The model is a merge of two distinct versions of the Mistral-7B-Instruct base model:

  • mistralai/Mistral-7B-Instruct-v0.1
  • mistralai/Mistral-7B-Instruct-v0.2

The SLERP method was applied across all 32 layers of the models. The merging configuration involved specific t values for self-attention and MLP filters, indicating a nuanced blending strategy rather than a simple average.

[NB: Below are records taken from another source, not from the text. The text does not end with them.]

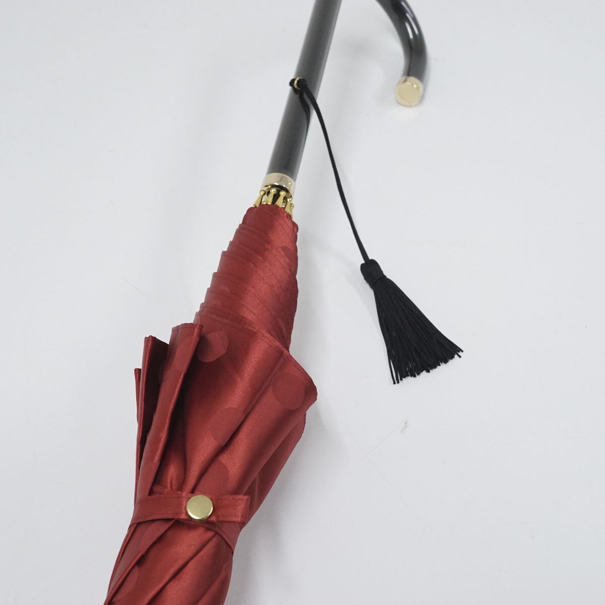 傘 AURORA オーロラ USED美品 日本製 レッド タッセル付き ドット 60cm A1174
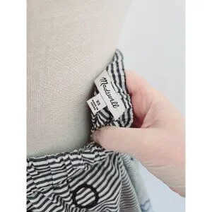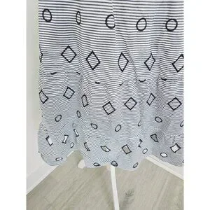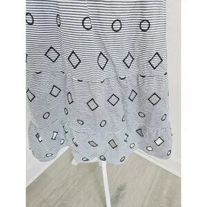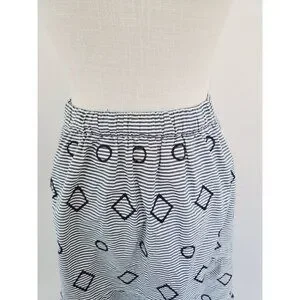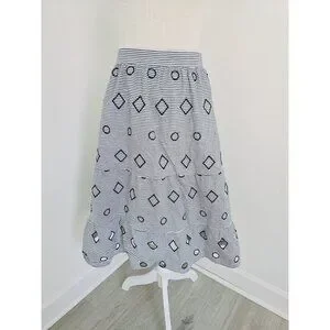 Madewell Embroidered Stripe Midi Navy White 100% Cotton Geometric Full Skirt XS
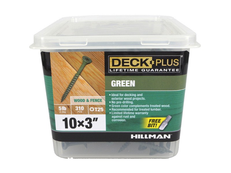 Deck Plus Green Deck Screws were designed to provide superior weather protection all while coordinating with your decking finish. Engineered using star drive technology, these screws are twice as durable as a Philips drive and prevent stripping. The green 4-layer coating provides superior rust and corrosion protection Type 17 point reduces the risk of board splitting & eliminates the need for pre-drilling Flat head leaves a clean, even finish
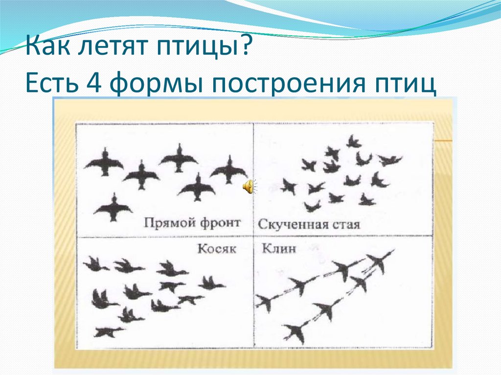 Как летят птицы?Есть 4 формы построения птиц
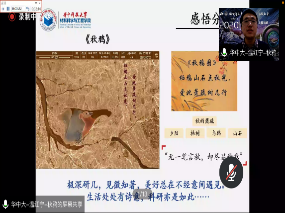 在历时六小时的决赛答辩中,我院五组选手的作品充分体现了科学技术和文学艺术的高度结合,不仅表现出高超的微观表征技术,更表达了同学们对科研工作执着追求的创新精神,特别讴歌了疫情防控中的人民英雄,赞颂了伟大的祖国。
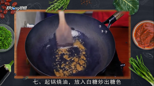 5起锅烧油,放入白糖炒出糖色,放入牛肉等佐料翻炒均匀,加入开水。
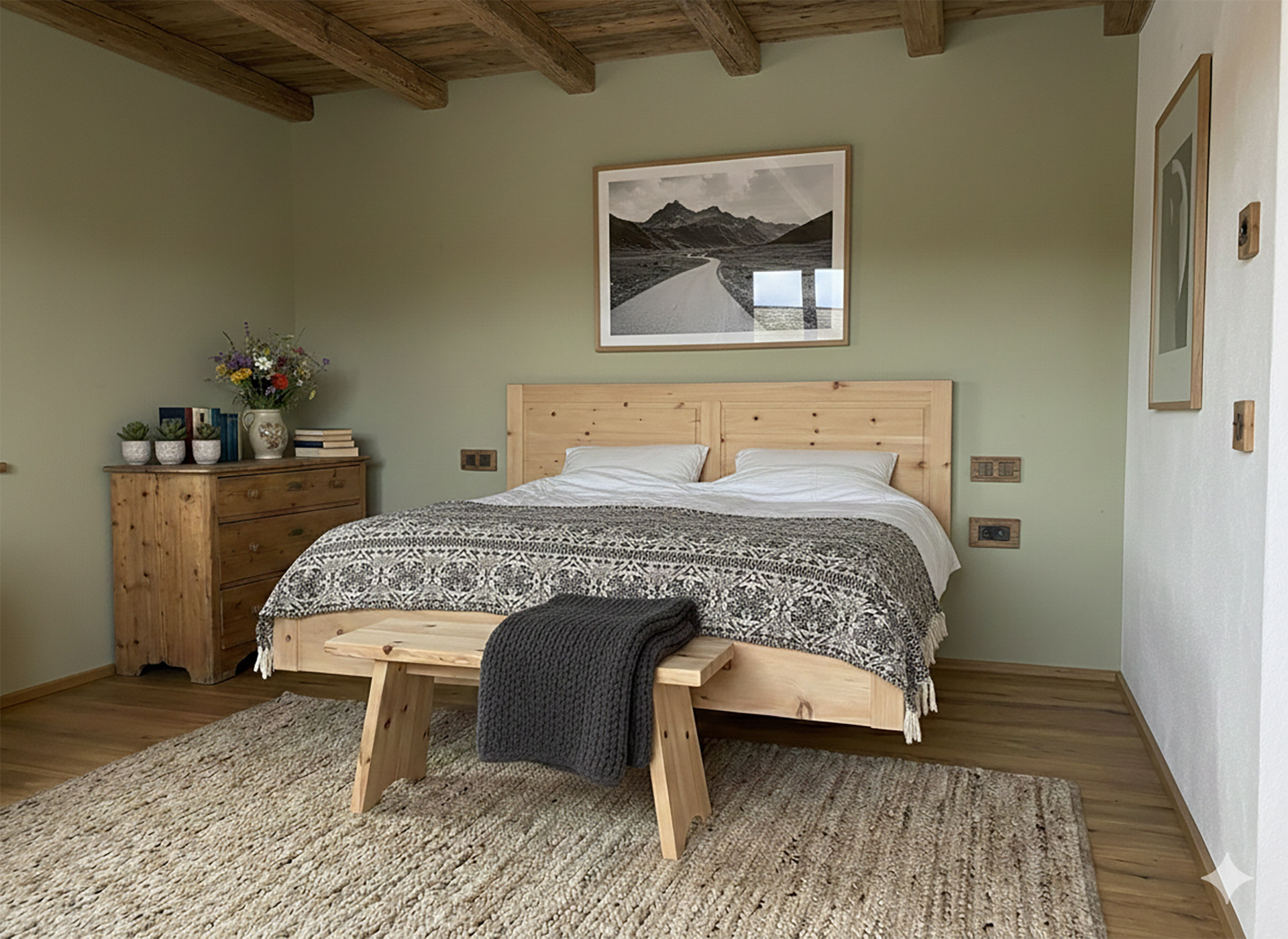 Träumen im Zirbenduft: Das separate Schlafzimmer ist ganz auf Ihre Erholung ausgerichtet. Das massive Zirben-Doppelbett sorgt mit seinem natürlichen Duft für ein gesundes Raumklima, während die hochwertigen ADA-Matratzen einen Schlafkomfort der Extraklasse garantieren.

The base model for the merge was mistralai/Mistral-7B-Instruct-v0.2, and the process was conducted using bfloat16 dtype.

Key Capabilities

  • Enhanced Instruction Following: By merging two instruction-tuned Mistral models, this variant aims to consolidate and potentially improve their instruction-following capabilities.
  • Mistral Architecture: Benefits from the efficient and performant Mistral 7B architecture.
  • SLERP Merge Method: Utilizes a sophisticated merging technique designed to preserve and combine the strengths of the constituent models effectively.

Good For

  • General-purpose instruction-based tasks and conversational AI where the Mistral 7B architecture is suitable.
  • Developers looking for a refined instruction-tuned model based on the Mistral family, potentially offering improved performance over individual base models due to the SLERP merge.